There was considerable controversy solely based on hearsay over whether or not using tapes from different manufacturers could lead to dropouts.[38][39] Initially this was suggested around the conception of mostly MiniDV tapes in the mid to late 90s as the only two manufacturers of MiniDV tapes (Sony, who produce their tapes solely under the Sony brand; and Panasonic, who produce their own tapes under their Panasonic brand and outsources for TDK, Canon, etc.) used two different lubrication types for their cameras - Sony uses a 'wet' lubricant ('ME' or 'Metal Evaporated'), while Panasonic uses a 'dry' lubricant ('MP' or 'Metal Particle').

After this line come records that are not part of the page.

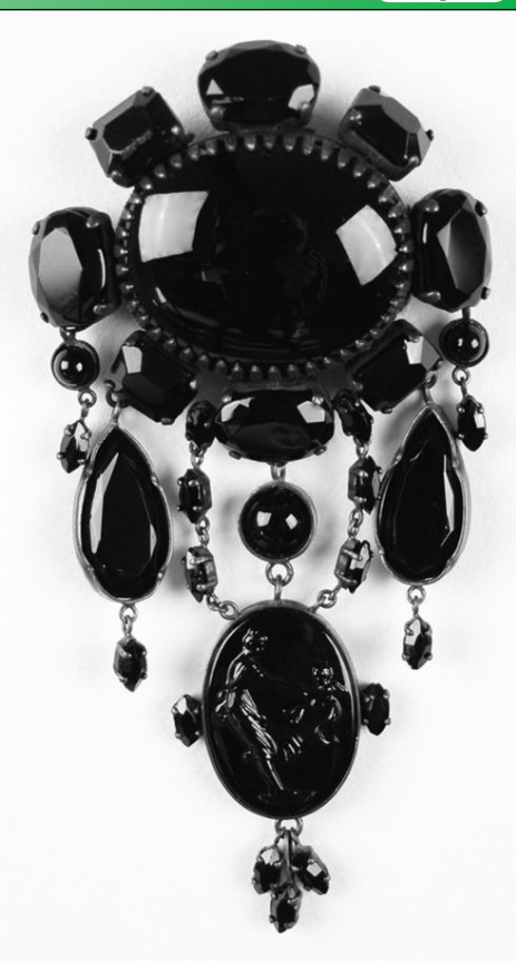
19th Century Mourning Brooch made from Jet. Photo by Detlef Thomas [CC BYlicenses/by-sa/2.0/de/deed.en)]

Jim also told us of the spot where the first thin section of petrified wood was made, and the ~410 mya Rhynie Chert in Aberdeenshire,that holds examples of the first land plants, and is (unfortunately) off-limits for SA 2.0 de (https://creativecommons.org/ collecting.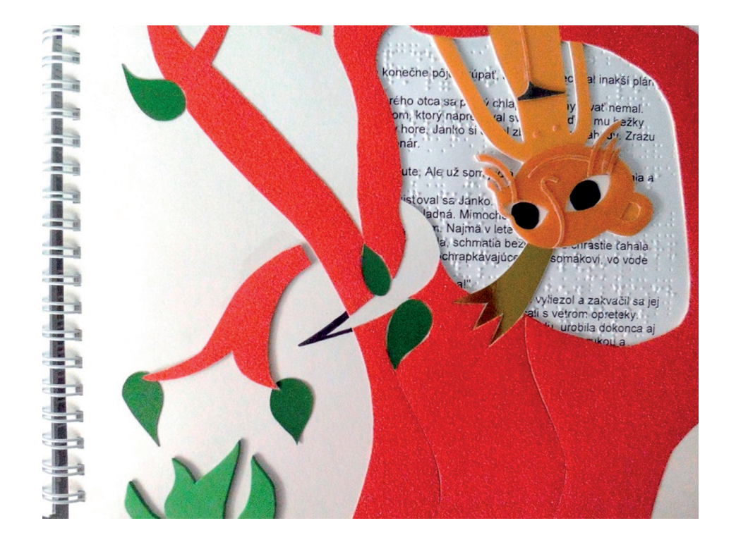
Fig. 4: Žirafia mama a iné príšery/Giraffe Mum and Other Creatures (2015), book illustration by Emília Blašková, unpaged

Therefore, it is obvious that the experimentality of these books does not lie only in the artistic innovation of the illustrations. It is a mere change of philosophy in relation to blind people. Slovak artist Emília Blašková is the illustrator of the book Žirafia mama a iné príšery/Giraffe mum and other creatures <sup>23</sup> (Salmela, 2015) in the version for the blind. In the haptic as well as in the non-haptic illustration of this book, she uses cut-outs in paper through which the subsequent pages can be seen or at last guessed at (Fig. 4). The author justifies the use of this creative principle as follows: "'Hatches' are considered as the opening of the page (image – illustration) to the spaces 'beyond seen/beyond seeing'. At this moment, I find several meaning layers for a sighted and a blind person."<sup>24</sup>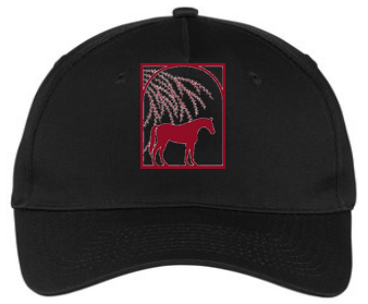
Port & Company® - Five-Panel Twill Cap - #CP86

Switch Willow color choices: Black or White Decoration: cap logo, must add to your cart at checkout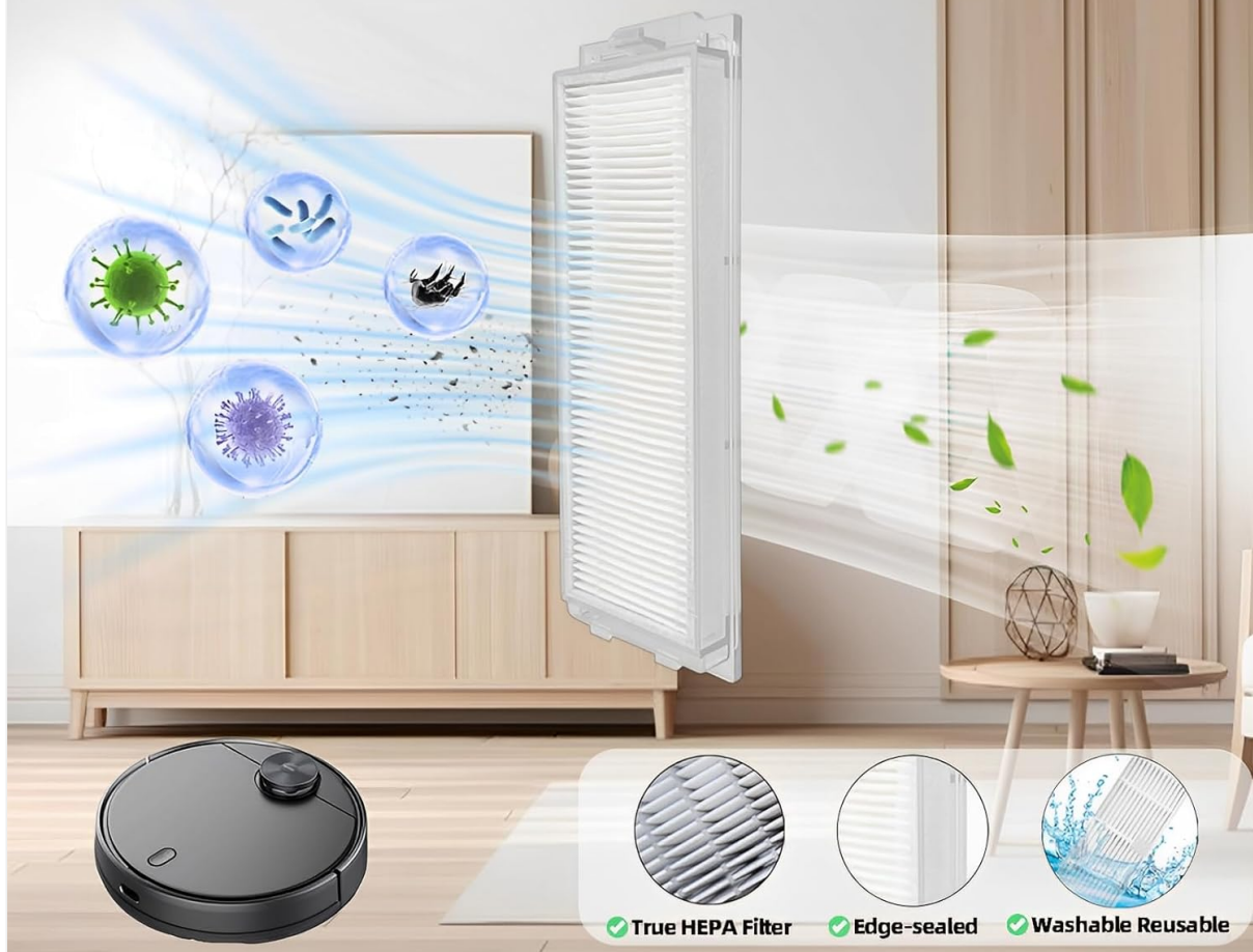
Image: The HEPA filter, designed for high-efficiency particle capture.

Effectively blocks 99.9% of dust, pollen, pet fur dander and any airborne particles as small as 0.1 micrometers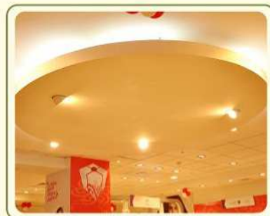
RELIANCE TRENDS Coimbatore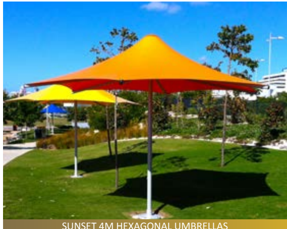
SUNSET 4M HEXAGONAL UMBRELLAS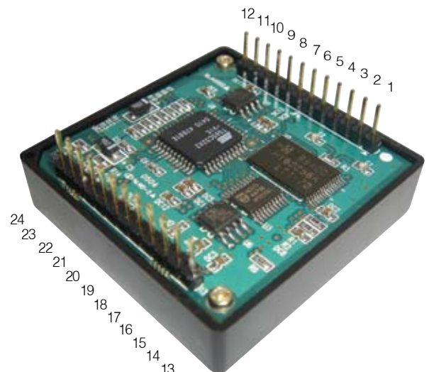
(45mm x 45mm x 18.5mm, 24 pin DIL package, 2.54 mm pitch)

The standard practice for casual and professional camera operators alike is not to mix brands of tapes. (as the different lubrication formulations can cause or encourage tape wear if not cleaned by a cleaning cassette) No significant problems have occurred for the last few years - meaning that switching tapes is acceptable, though sticking to one brand (and cleaning the heads with a cleaning cassette before doing so) is highly recommended.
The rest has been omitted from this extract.